- _What you have to do_
Reproduction of part of the material below, pictures omitted: copy exactly, and only, the lines starting with the one with "工事概要の説明&現場見学" and going on through the one with "Magritte, La traversée difficile (1946).".

### Extracted records

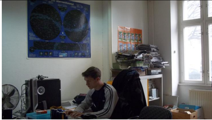
Izrada Web stranice i rad u photoshopu
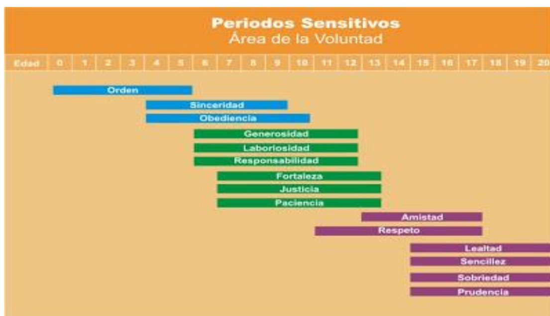
Figura 1. Periodos sensitivos. Área de la voluntad

Esta figura muestra los periodos sensitivos y las virtudes.
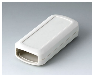
B2823107 CONNECT S ACA+ПК (UL 94 V-0) белый RAL 9002 90x42x22mm
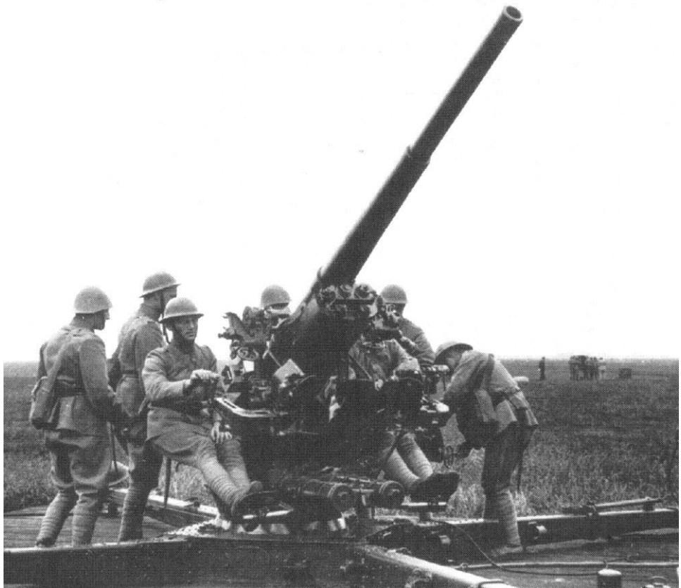
Het type kanon (Vickers 7,5 cm) waarbij vijf mannen van 13 Bt. Lua de dood vonden

Hoe moeilijk het was om de strijd voort te kunnen zetten blijkt uit de gegevens over de voorraden in de munitiemagazijnen.
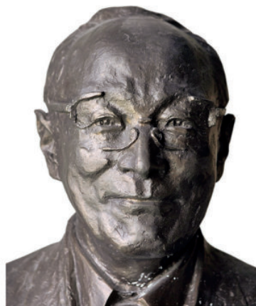
《著名科学家 徐光宪》 青铜 70 cm × 65 cm 2013 年
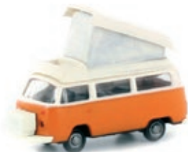
LC3881 VW Bus T2 Camper orange/weiß UVP 11,99 €
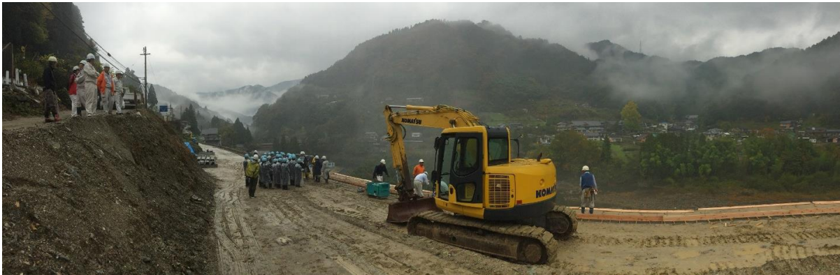
工事概要の説明&現場見学
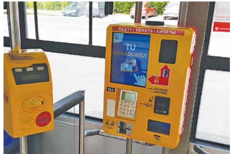
Za bilet tylko kartą
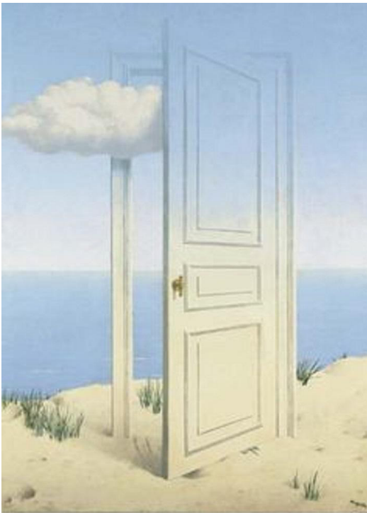
Magritte, La traversée difficile (1946).

capace di seguire tutti i percorsi di vita possibili / di attraversare tutti i luoghi della terra in un'unica volta. In questo senso, è lecito dire che Fa'afafine parla a tutti, bambini e adulti, perché costruisce un'utopia poetica: quella di abbracciare la totalità nel piccolo spazio del proprio 'io'. Piuttosto che creare confusioni sull'identità sessuale ed esporre a conseguenti pericoli per la salute psichica, Alex ci offre un proficuo invito a non trascurare una sola delle nostre proprie personalità latenti, per quanto è possibile a un essere umano. Anche questo bambino un giorno dovrà scegliere la sua occupazione (come si è accennato, magari quella dell'attore) e il luogo da abitare, ma col suo allenamento immaginativo potrà probabilmente fare una scelta meno limitante e mantenere, quanto meno, duttilità e curiosità verso l'esistente. Si potrebbe certo obiettare che, quand'anche l'interpretazione appena offerta fosse corretta, lo spettacolo risulterebbe ancora più pericoloso di quanto non sembrasse prima. Alex insegue le visioni immaginifiche rinchiudendosi in una stanza, quindi emarginandosi dalla società che lo esorta al controllo e al limite, per convivere felicemente con gli altri esseri umani. Chi si comportasse come lui vivrebbe in totale isolamento e rifiuterebbe il confronto. L'obiezione è insomma che, se il mondo può stare in una stanza, noi non abbiamo bisogno del mondo esterno e vero.

######

- _Answer for this exercise_
工事概要の説明&現場見学
Za bilet tylko kartą
Magritte, La traversée difficile (1946).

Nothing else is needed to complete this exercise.